Bought one of these mowers cant wait for it to get here.


----------



## willys55

ugh, all I could think of as that atv moved through the high grass, was those hanging hornets nests, you know the big black and white hornets from hell! oh boy. neat mower though


----------



## Thomas

willys55 said:


> ugh, all I could think of as that atv moved through the high grass, was those hanging hornets nests, you know the big black and white hornets from hell! oh boy. neat mower though


.................................................................
That's what I was thinking of also,or hitting solid object.


----------



## Thomas

[QUOTE="wjjones,

Bought one of these mowers cant wait for it to get here.[/QUOTE]
.......................................................................

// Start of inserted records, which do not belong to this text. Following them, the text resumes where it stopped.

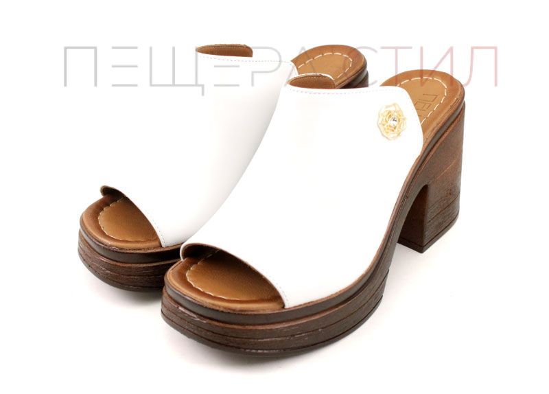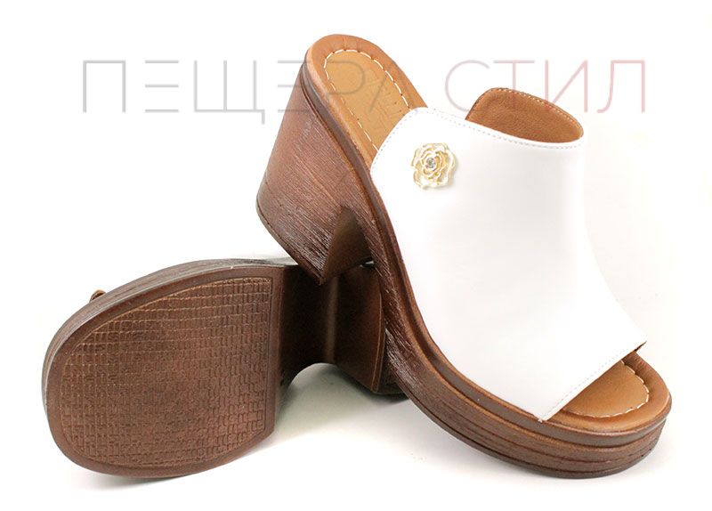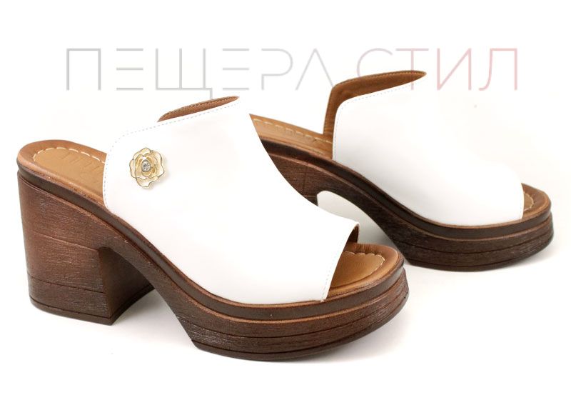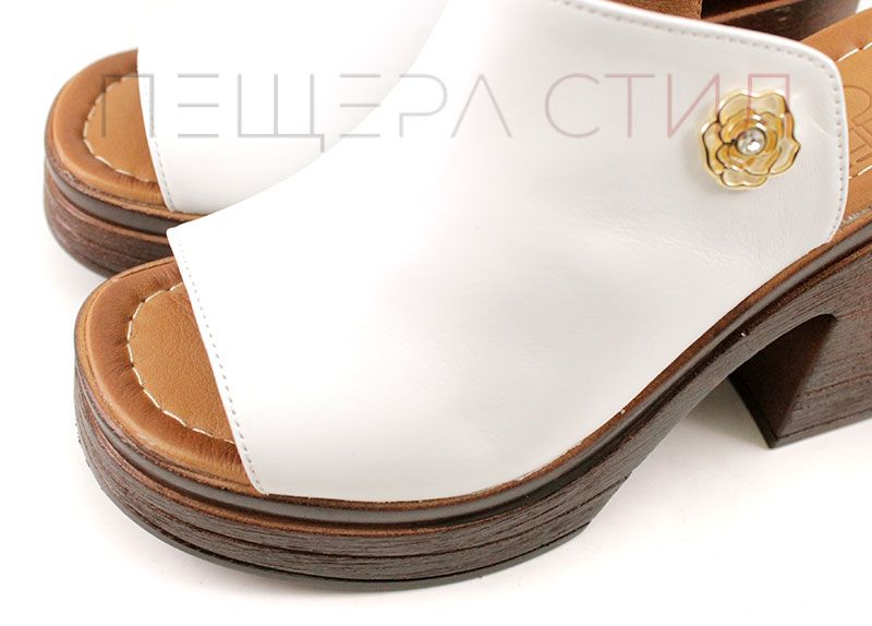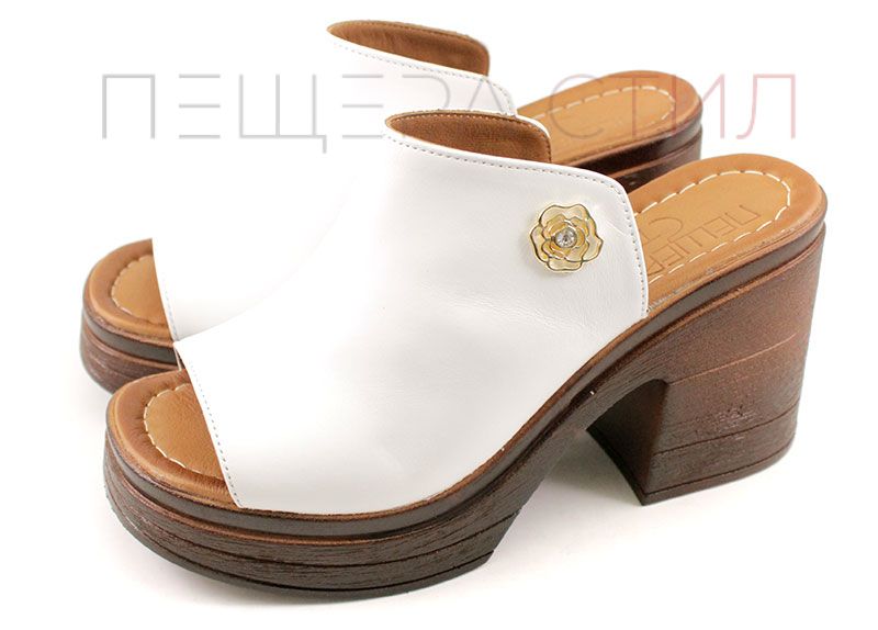 Дамско сабо от естествена кожа в бяло - модел Корнелия
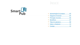O Smart Pub é uma plataforma que centraliza periódicos científicos, permitindo acesso fácil e prático a conteúdos por meio de um aplicativo. Ele oferece recursos como gerenciamento de edições, acesso a favoritos, e ferramentas de compartilhamento, visando a disseminação eficiente do conhecimento. A Handcom, responsável pelo Smart Pub, possui 12 anos de experiência e busca excelência em gestão por meio de parcerias e certificações.
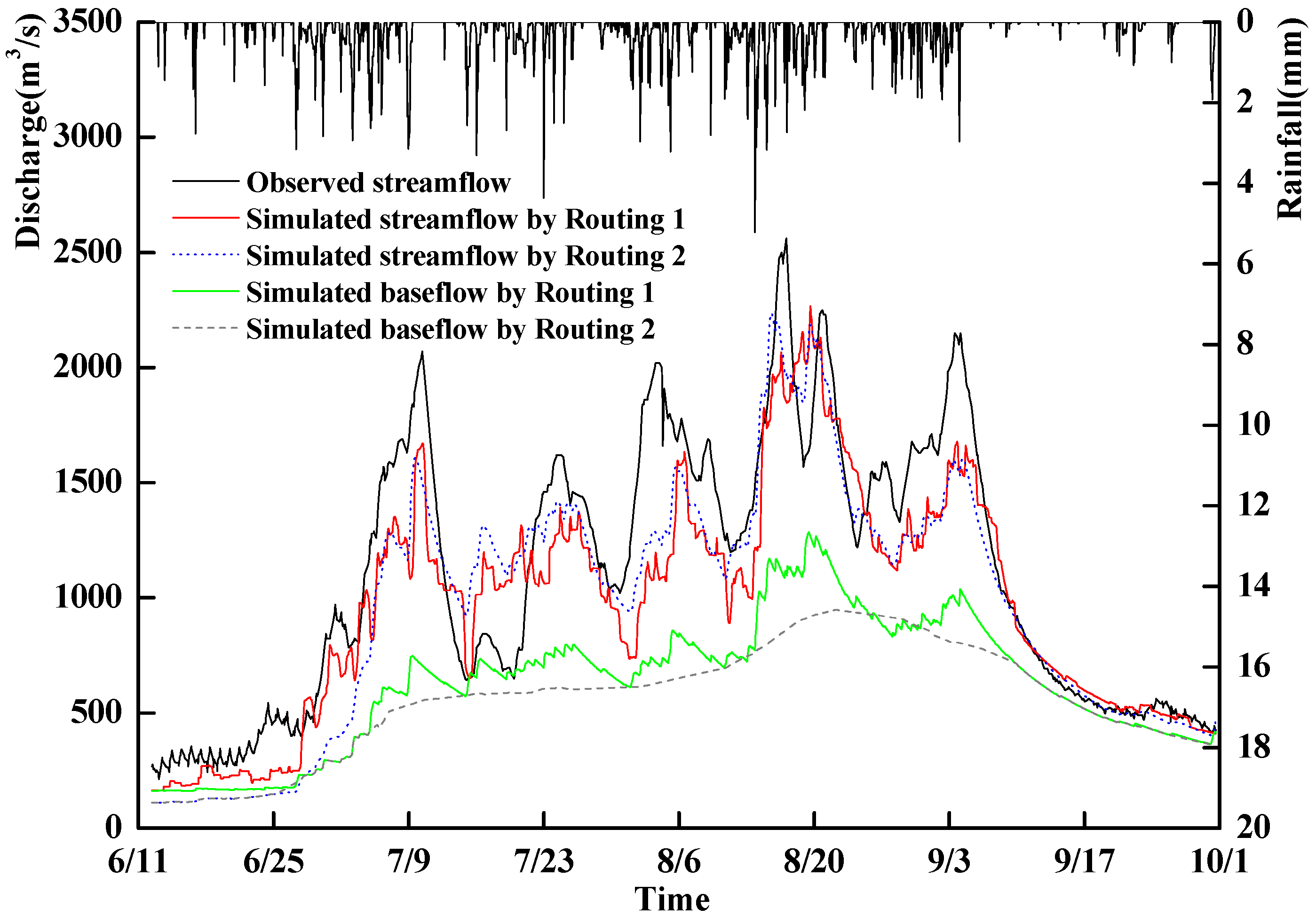 | Period | Year | Observed Peak Flow | Simulated Peak Flow by Routing 1 | Simulated Peak Flow by Routing 2 | |||||
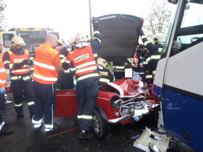 Střet osobního vozu s autobusem v Podhořanech u Ronova
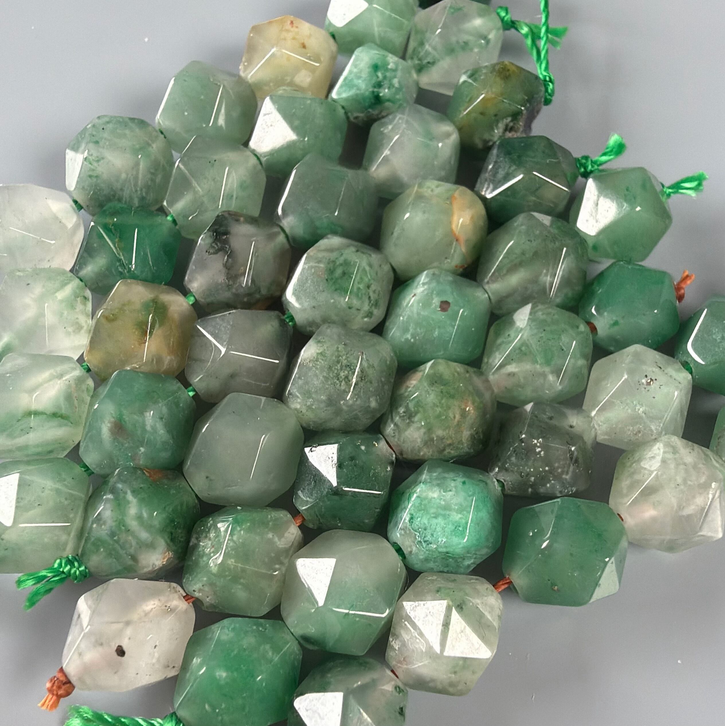 少し珍しいモスアゲートのスターカットビーズです。
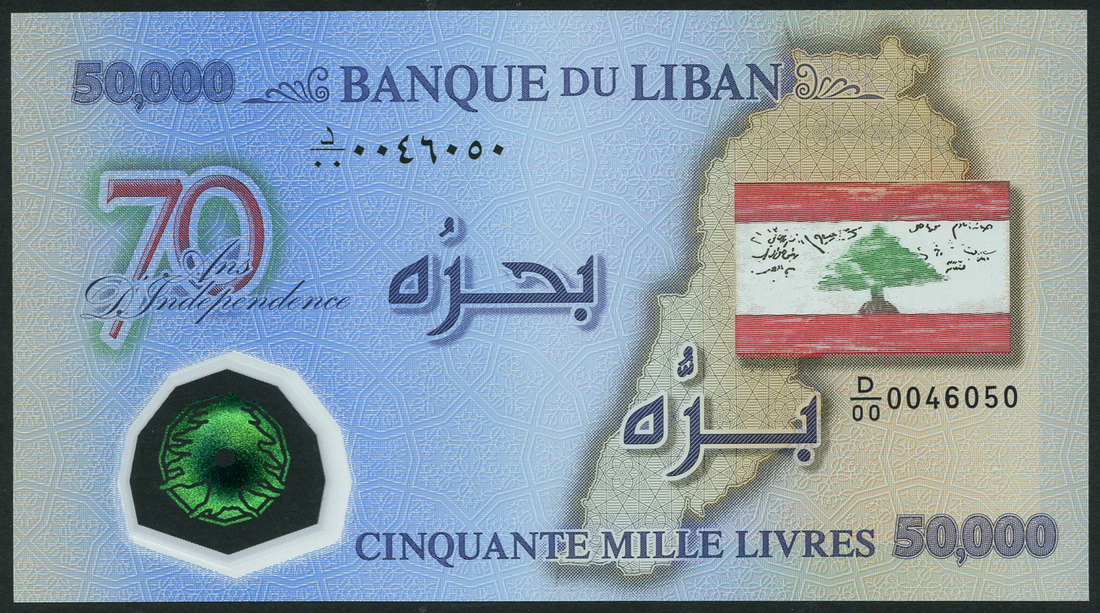 Banque du Liban, Lebanon, 50000 livres (2), 2013, consecutive serial numbers D/00 0046049/50, blue and multicolour, map at right, bank title top centre, value top left, low right and in text low centre, reverse, building at left
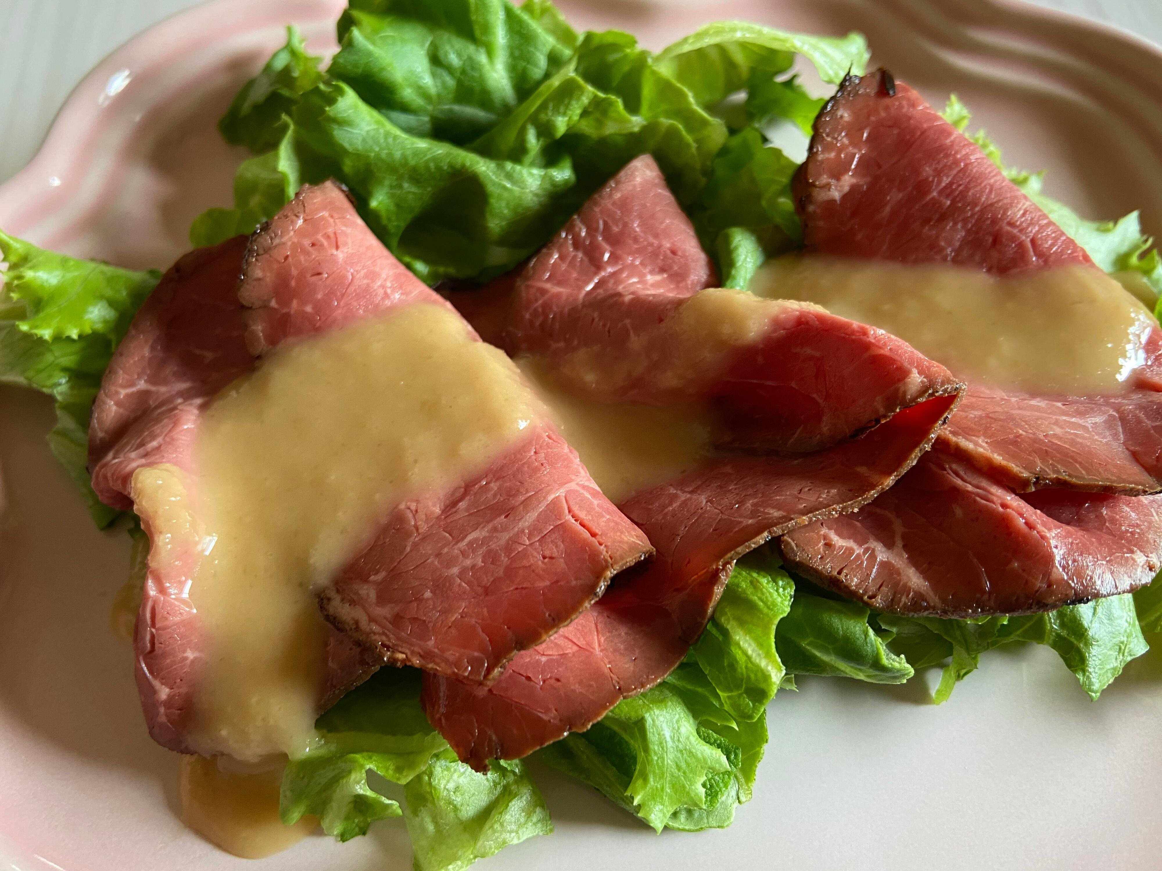 肉料理に合うとパッケージに記載があったので、ローストビーフにかけてみました。
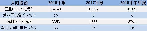 太陽股份核心管理層承諾2018年、2019年、2020年實現(xiàn)凈利潤分別不低于5000萬元、5500萬元、6000萬元,三年累計實現(xiàn)的凈利潤不低于1.65億元。
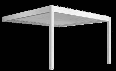 EN Modular bioclimatic pergola with adjustable and retractable blade cover in powder coated extruded aluminum, available in the free-standing or leaning version. The closed blades protect from the rain and sun and, if they are open, they create a pleasant natural ventilation in the covered area; when they are retracted, they will open your view of the sky and allow light to enter the room. Thanks to the minimal design, the structure integrates perfectly into any architectural context, enhancing it. The structure allows theinstallation of side closure or glass windows.
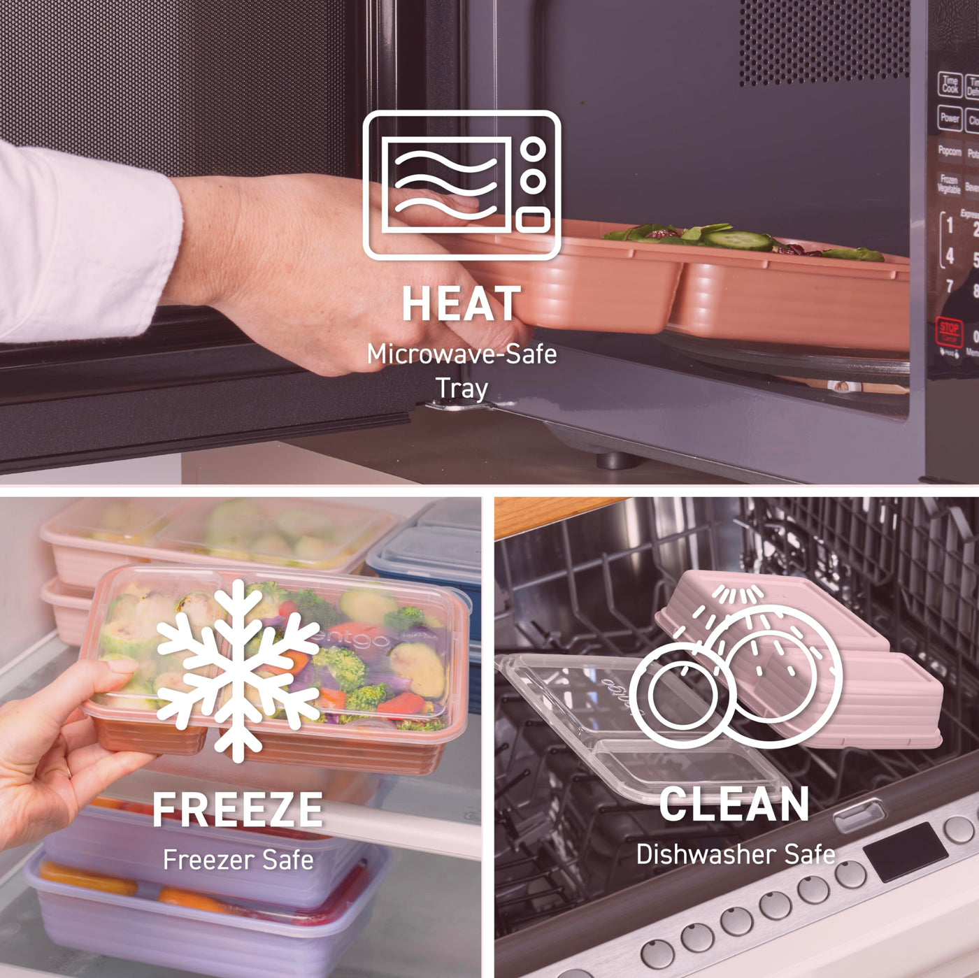 - Q: How many compartments do the trays have? A: Each tray has two compartments, allowing you to separate different food items easily.

What will you be towing it with?


----------



## wjjones

My ys4500.


----------



## wjjones

It was way late getting here because of a little mix up with the order but it was totally worth the wait. The manager at our local Lowes made good on the mix up though he gave me a extra 10% off the total price. The crate was huge I used my Craftsman ys4500 (In my avatar) to pull the whole crate off the trailer. It was pretty easy after that I just pried the crate apart, and rolled the mower off. I hope to get it in the field tomorrow, and try it out weather permitting.


----------



## Thomas

looking for to update and pics.


----------



## wjjones

I will get some more pics up asap. I will also be going back to ag tires my ys pulls the trailcutter good until I head uphill on wet ground. I had some on there, and swapped back to turf tires, and I sure am missing those ag tires now. Going to go with Carlisle super lug, or those wdt ags.


----------



## Bob Driver

These things sell like hot cakes here in MS, especially right before deer hunting season. They are not cheap... I picked one up last Spring for $75 from a customer down the road that was made in the early 90's and barely used. Believe it or not, it had a 8HP Briggs on it, *WITH ELECTRIC START*. I went through it and was going to flip it this Fall for $250, but then a customer asked if I would rent it. I charged him $25 for a day. He told a buddy, then the buddy told a buddy.... I've "rented" it for way more than $250 since September and I'm still getting calls every week.... It not only mows a nice trail, but seems to print money also, I think I'll hang on to it.


----------



## wjjones

They (swisher) are having a fall sale right now too.


----------



## wjjones

One design flaw they need to open the back like the front. Mine would load up with tall grass, and I would have to stop to let it catch back up. So I cut a flap size section out on the back for discharging the grass, and that thing didn't ever bogg down again after that.


----------



## Fragger

willys55 said:


> ugh, all I could think of as that atv moved through the high grass, was those hanging hornets nests, you know the big black and white hornets from hell! oh boy. neat mower though


I try to always carry a can of wasp/hornet spray on every piece of garden equipment and on my 4 wheeler..The bumble bees also love that type of terrain


----------